Football game is not use feet only!
this dress doesn't fit me!
motorcycle is cheap than car!
This window is clear!
the symbol '*' is represented as start!
Oh!     My god!
You are the best is mean you are the no. 1!
The world <Happy> is the same with "glad"!
I like dog!
google is the best tools for search keyword!
goooooogle yes!
go! go! Let's go!
[icexmoon@xyz tmp]$ cat regular_express.txt | grep '\.$'

这样做比较危险，如果是处理重要文件，请先进行备份。

可以看到，使用-i参数就会将处理后的内容回写回文件。

正则表达式的扩展语法

简单介绍几个重要的：

符号	含义
`+`	数量词，表示1个以上，也就是说至少有1个
`?`	数量词，0个或1个
`\|`	或，比如`abc\|123`表示匹配结果是`abc`或者`123`
`()`	分组，在`()`中可以使用子正则表达式，比如`g(abc\|123)d`，匹配结果是`gabcd`或`g123d`

正则的扩展语法要搭配支持扩展语法的命令使用：

[icexmoon@xyz tmp]$ grep 'go+g' regular_express.txt
[icexmoon@xyz tmp]$ egrep 'go+g' regular_express.txt
google is the best tools for search keyword!
goooooogle yes!

grep命令默认是不支持扩展语法的，所以匹配不到我们想要的结果，使用egrep就可以。

或者：

[icexmoon@xyz tmp]$ grep -E 'go+g' regular_express.txt
google is the best tools for search keyword!
goooooogle yes!

文件格式化

这里使用一个案例文件，我放到了gitee，可以使用下面的方式下载到本地：

[icexmoon@xyz tmp]$ git clone https://gitee.com/icexmoon/linux_roads.git
正克隆到 'linux_roads'...
remote: Enumerating objects: 6, done.
remote: Counting objects: 100% (6/6), done.
remote: Compressing objects: 100% (4/4), done.
remote: Total 6 (delta 0), reused 0 (delta 0), pack-reused 0
Unpacking objects: 100% (6/6), done.

坑爹的gitee就是没有Github好用。

printf

文件students以空格分隔字段：

[icexmoon@xyz tmp]$ cd linux_roads/
[icexmoon@xyz linux_roads]$ cat students
Name Chinese English Math Average
DmTsai 80 60 92 77.33
VBird 75 55 80 70.00
Ken 60 90 70 73.33

不是很美观，我们使用printf命令进行格式化：

[icexmoon@xyz linux_roads]$ cat students | xargs printf '%s\t%s\t%s\t%s\t%s\n'
Name    Chinese English Math    Average
DmTsai  80      60      92      77.33
VBird   75      55      80      70.00
Ken     60      90      70      73.33

整个printf的逻辑就是将数据按行进行处理，并以空格或者制表符自动识别出字段，然后按用户指定的格式进行输出。

这里%s是格式化符号，表示一个字符串，类似的还有：

%s：字符串
%i：整数
%f：浮点数

事实上从命名到参数，printf和C语言中的同名函数都是极为相似的。

用户可以利用这些格式化符号将每行的字段进行拼接，以输出自己想要的效果。

此外，因为printf并不是管道命令，不能处理stdin，所以这里使用了xargs。

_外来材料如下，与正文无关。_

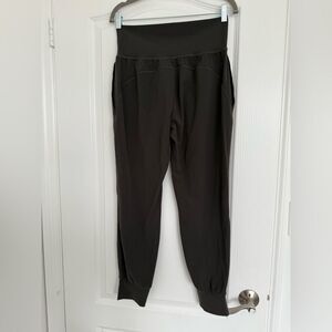 Elevate your style with these comfy olive green high-waisted joggers. Perfect for any occasion, they offer comfort and style.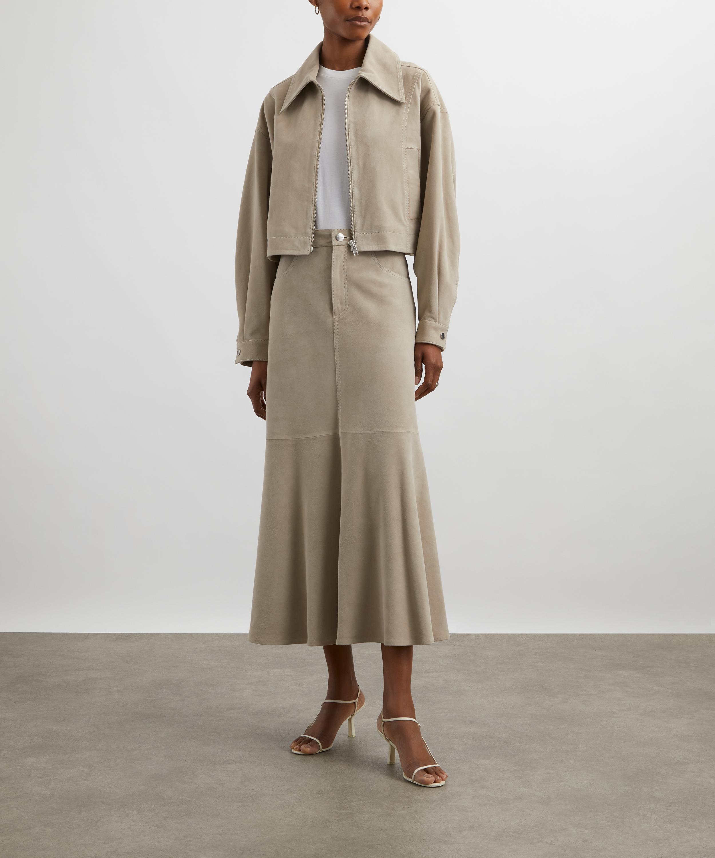 Crafted from supple suede, this cropped bomber jacket features a boxy silhouette with a spread collar, wide sleeves, and a zip fastening - offering a relaxed, contemporary twist on the classic bomber.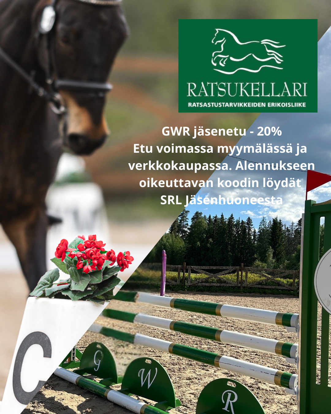 Goodwill Riders ry:n jäsenet saavat -20% alennuksen Ratsukellarin myymälästä sekä verkkokaupasta. Alennukseen oikeuttavan koodin löydät kirjautumalla SRL Jäsenhuoneeseen.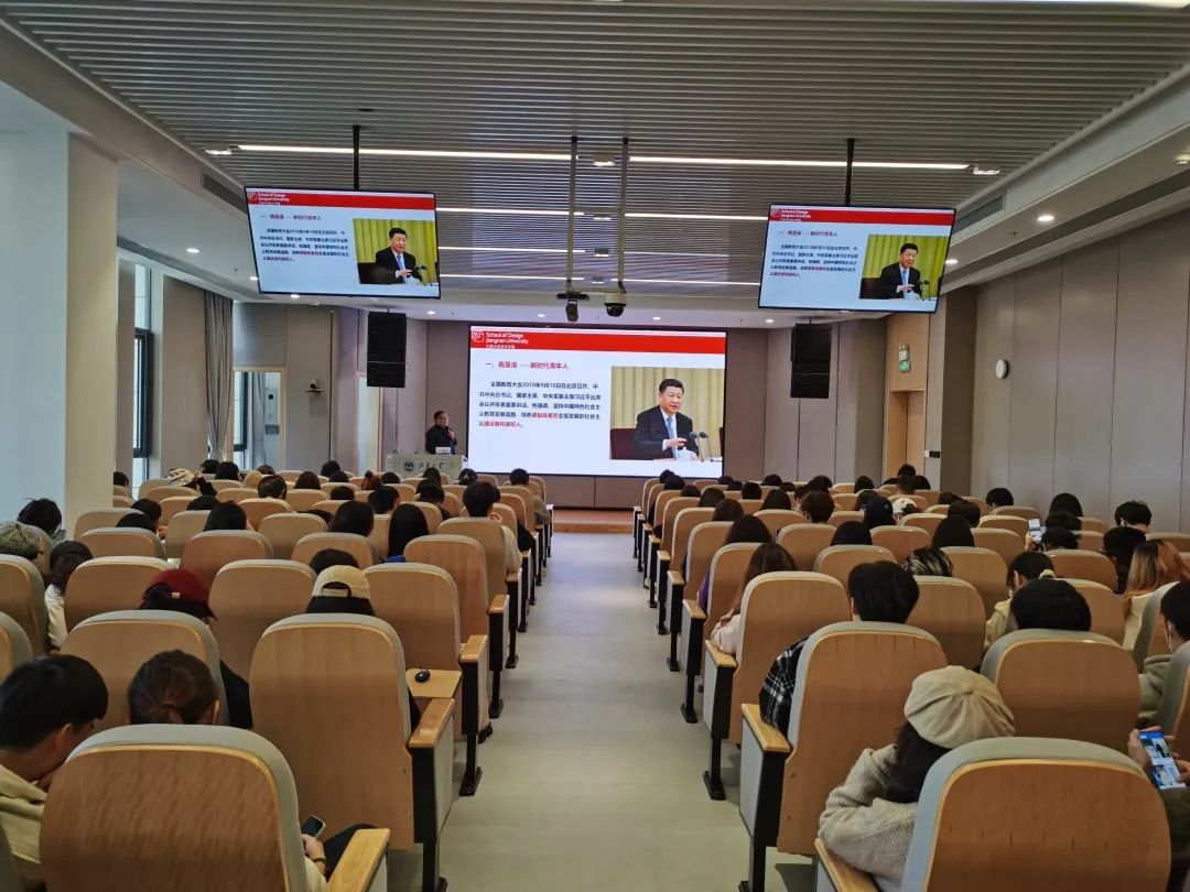 本堂思政课主要包括“我是谁、我骄傲、我设计”三部分内容,邱书记以习近平总书记在全国教育大会上发表的重要讲话引入,分别从“新时代青年人”、“为新时代设计”、“设计强国有我”三个方面开展思政教育,并带领大家学习了习近平总书记对于青年一代的殷切嘱托,希望2022级新生坚定提升认识高度,不负时代、不负韶华、不负党和人民的殷切期望,努力成为德智体美劳全面发展的社会主义建设者和接班人。
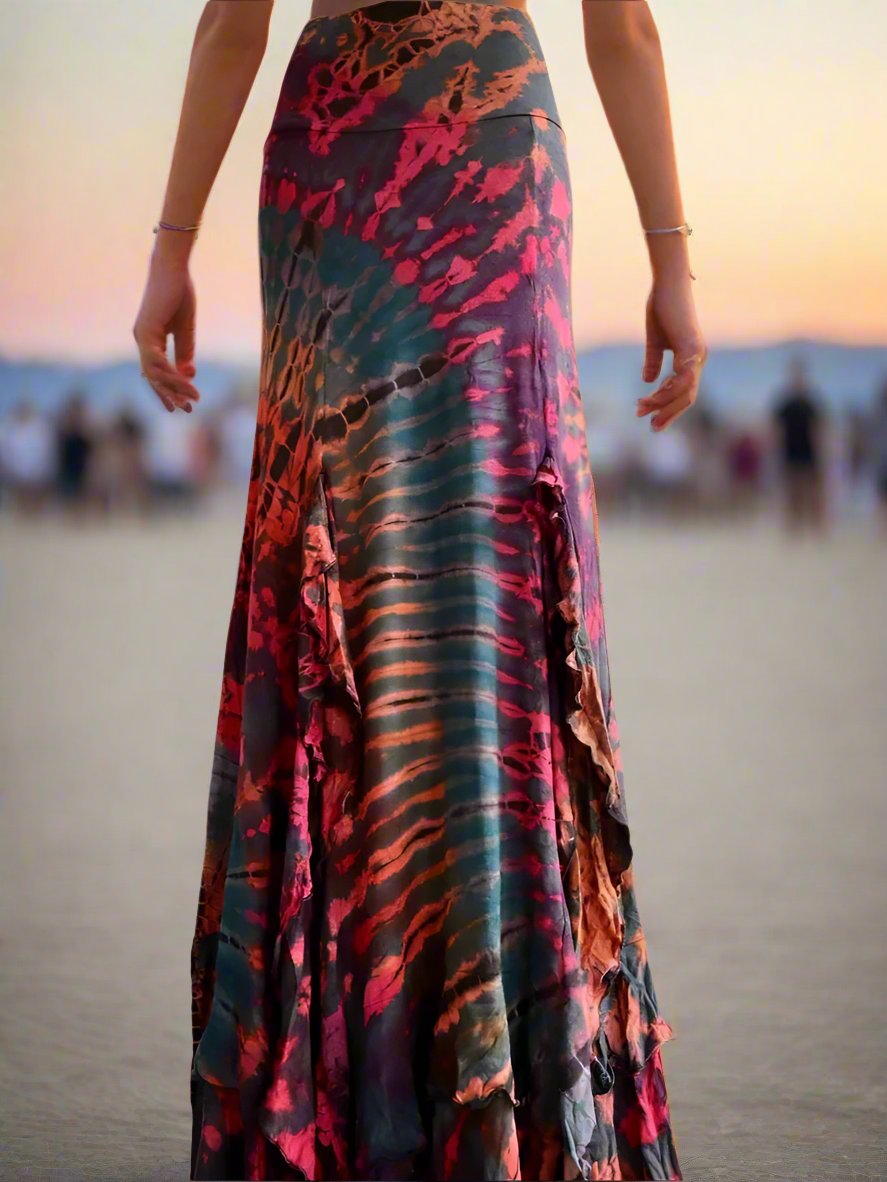 Experience the thrill of movement with the LaLa Ruffle Skirt! This dynamic skirt fits sizes 8-14 and features a stunning ruffle bottom with 2 high splits in the front and 2 lower in the back. The perfect addition to your dance wardrobe, the weighted bottom adds a new level of energy as you kick and twirl. Get ready to turn heads and make a statement with every step!

虽然现在的打印结果已经很不错了，不过我们还可以整点别的花样：

[icexmoon@xyz linux_roads]$ cat students | tail -n 3 | xargs printf '%10s %5i %5i %5i %5.2f\n'
    DmTsai    80    60    92 77.33
     VBird    75    55    80 70.00
       Ken    60    90    70 73.33

这里使用了%ns这样的写法，其中n可以指定字段占据的宽度，%10s就表明这个字段是字符串，并且占据10个字符宽度，而对于浮点数，%5.2f表示整个浮点数占5个字符宽度，小数部分占2个字符宽度，小数点占1个，那么整数部分就只占2个字符宽度了（这个逻辑似乎与Python中的不同）。

最后我们将表头和内容整合一下：

[icexmoon@xyz linux_roads]$ cat students | head -n 1 | xargs printf '%10s %10s %10s %10s %10s\n';\
> cat students | tail -n 3 | xargs printf '%10s %10i %10i %10i %10.2f\n'
      Name    Chinese    English       Math    Average
    DmTsai         80         60         92      77.33
     VBird         75         55         80      70.00
       Ken         60         90         70      73.33

这里为了美观，调整了一下内容的字段宽度。

除了格式化显示，prinf还可以使用字符编码输出对应的字符：

[icexmoon@xyz linux_roads]$ printf '\x45\n'
E

x45（16进制）编码在ASCII中对应的字符就是E，我使用的UTF-8是兼容ASCII的，所以结果也是E。

awk

awk可以进行数据处理，我们之前介绍的sed会对整行进行删除或替换，而awk会自动对每一行进行“分段”，就像printf那样，根据空白符进行切分，预先处理成多个字段，然后用户可以针对字段进行数据处理。

整个命令的格式为：

 awk '条件类型1{动作1} 条件类型2{动作2} ...' filename

看具体示例：

[icexmoon@xyz linux_roads]$ last -n 5
icexmoon pts/0        icexmoon-book    Mon Aug 16 15:14   still logged in
reboot   system boot  3.10.0-1160.el7. Mon Aug 16 13:55 - 19:17  (05:21)
icexmoon pts/2        :0               Sun Aug 15 15:03 - 15:03  (00:00)
icexmoon :0           :0               Sun Aug 15 14:56 - crash  (22:59)
icexmoon tty2                          Sun Aug 15 14:54 - 14:54  (00:00)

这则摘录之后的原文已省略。